What you will do:
Could you print the stretch of lines below from the one with "After selecting an" through the one with "Пожар в деревне, вызванный АИ", exactly as they stand and without any pictures?
Data listing below:
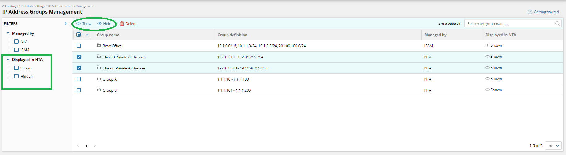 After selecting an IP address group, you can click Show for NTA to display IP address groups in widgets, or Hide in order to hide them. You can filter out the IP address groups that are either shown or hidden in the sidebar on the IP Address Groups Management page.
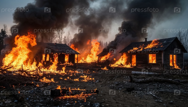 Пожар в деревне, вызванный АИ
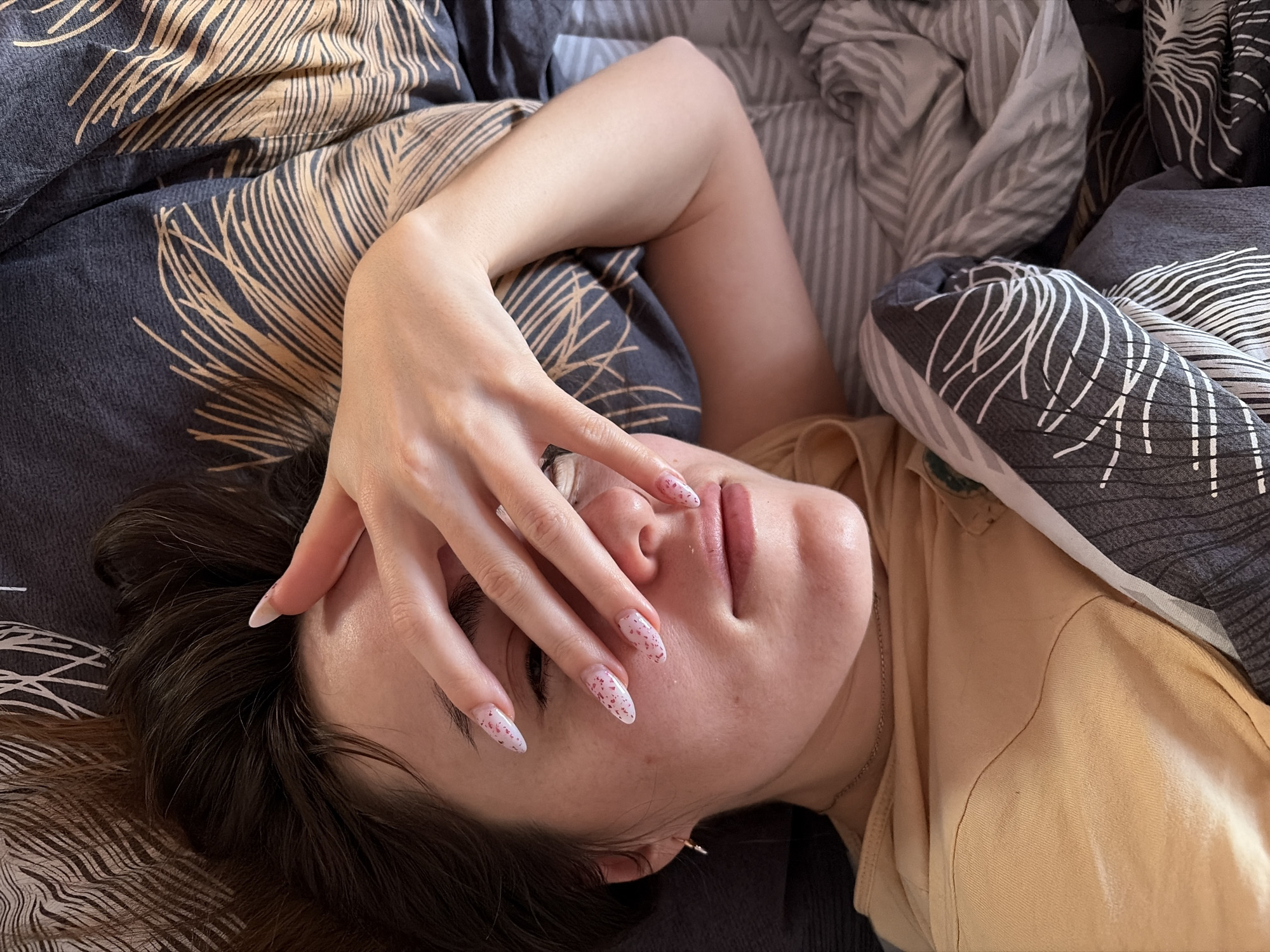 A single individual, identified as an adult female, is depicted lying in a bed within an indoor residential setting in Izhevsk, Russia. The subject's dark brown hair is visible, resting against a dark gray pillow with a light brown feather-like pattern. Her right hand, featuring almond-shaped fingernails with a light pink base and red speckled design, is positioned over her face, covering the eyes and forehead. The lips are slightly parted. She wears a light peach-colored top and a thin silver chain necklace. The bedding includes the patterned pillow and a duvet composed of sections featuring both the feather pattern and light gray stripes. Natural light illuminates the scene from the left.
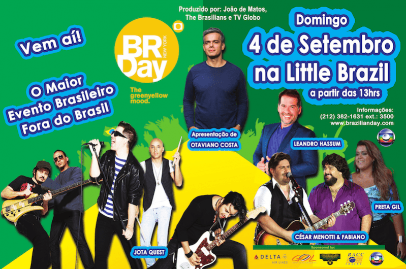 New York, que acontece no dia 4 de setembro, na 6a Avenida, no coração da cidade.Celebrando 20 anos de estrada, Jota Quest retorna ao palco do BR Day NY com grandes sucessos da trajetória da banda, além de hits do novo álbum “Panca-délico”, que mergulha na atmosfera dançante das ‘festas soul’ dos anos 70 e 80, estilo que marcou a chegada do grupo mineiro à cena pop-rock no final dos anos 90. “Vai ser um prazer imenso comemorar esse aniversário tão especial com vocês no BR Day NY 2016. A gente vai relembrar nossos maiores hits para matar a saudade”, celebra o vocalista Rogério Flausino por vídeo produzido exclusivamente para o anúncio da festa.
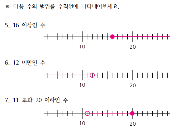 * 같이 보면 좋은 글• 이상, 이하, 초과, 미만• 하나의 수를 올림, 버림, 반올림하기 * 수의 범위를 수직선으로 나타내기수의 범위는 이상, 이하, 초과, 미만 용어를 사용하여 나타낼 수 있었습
End of Data listing.
Data listing below:
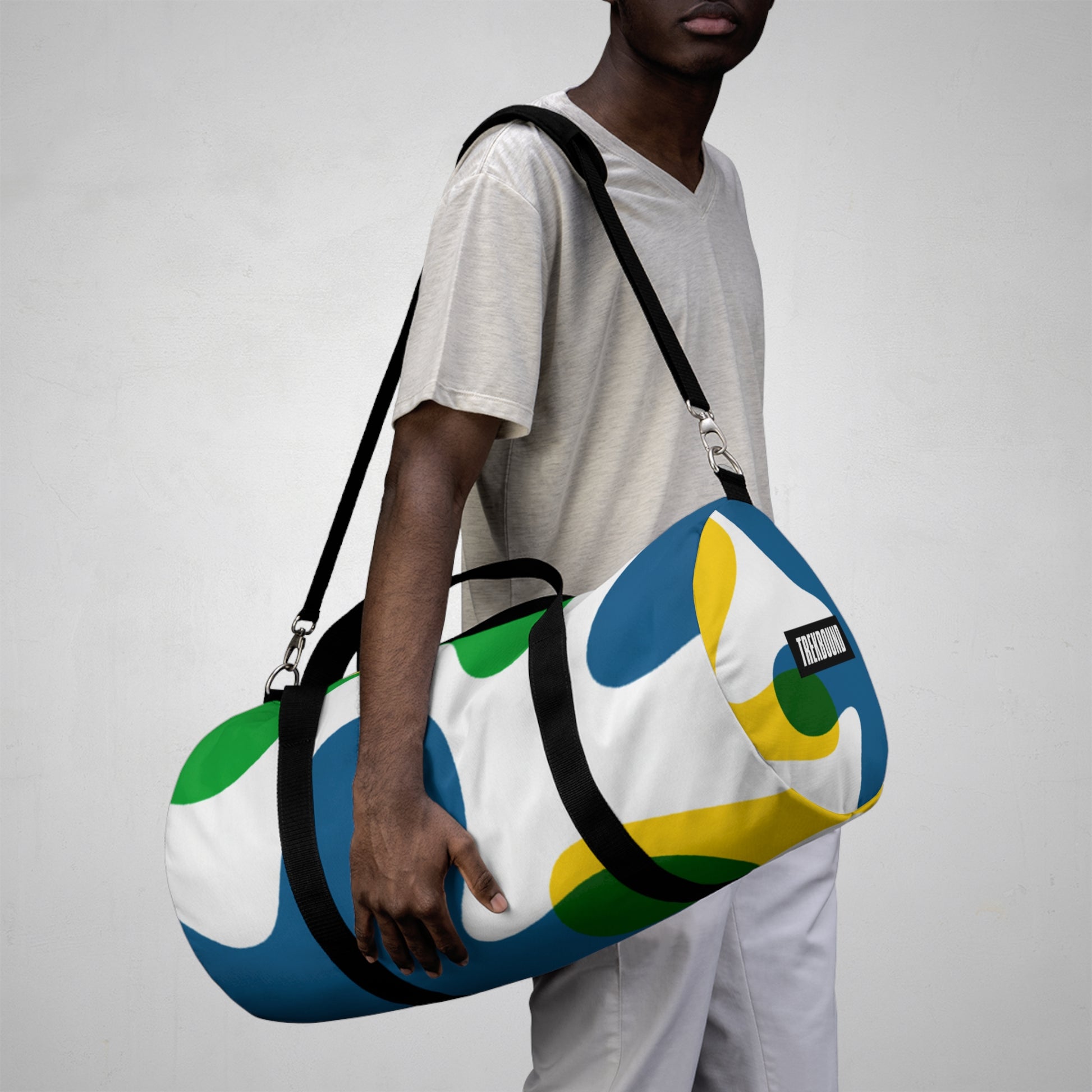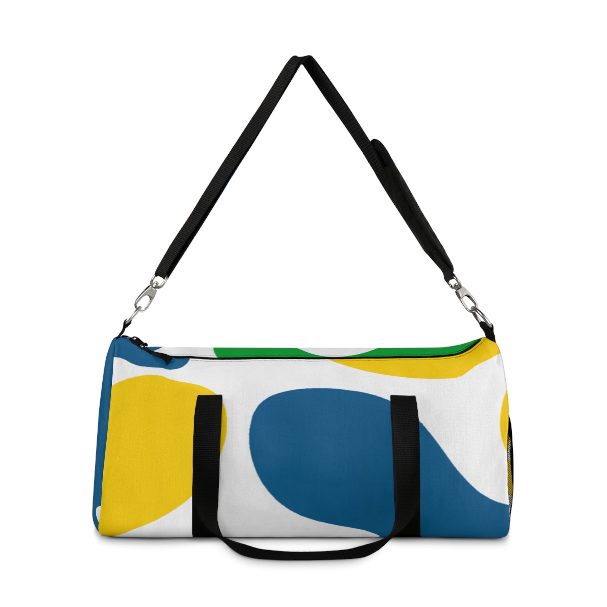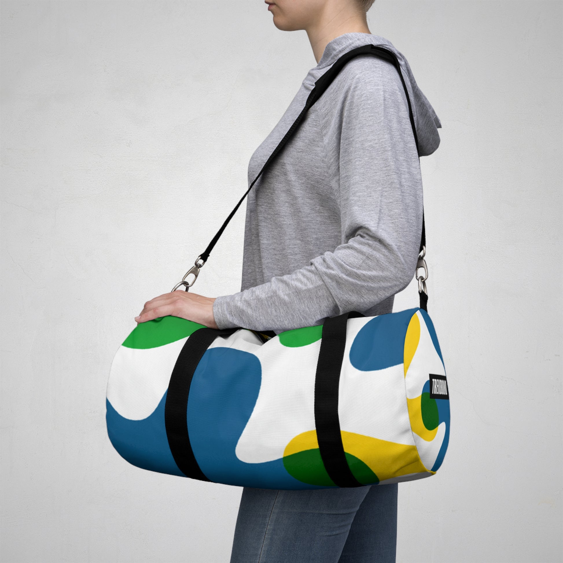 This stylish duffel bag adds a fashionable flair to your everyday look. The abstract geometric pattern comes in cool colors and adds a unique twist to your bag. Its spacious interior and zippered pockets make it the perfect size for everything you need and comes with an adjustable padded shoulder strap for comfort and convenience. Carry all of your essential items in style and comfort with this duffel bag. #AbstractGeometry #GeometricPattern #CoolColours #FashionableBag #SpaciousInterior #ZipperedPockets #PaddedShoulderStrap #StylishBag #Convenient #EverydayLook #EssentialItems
End of Data listing.
Your solution:
 After selecting an IP address group, you can click Show for NTA to display IP address groups in widgets, or Hide in order to hide them. You can filter out the IP address groups that are either shown or hidden in the sidebar on the IP Address Groups Management page.
 Пожар в деревне, вызванный АИ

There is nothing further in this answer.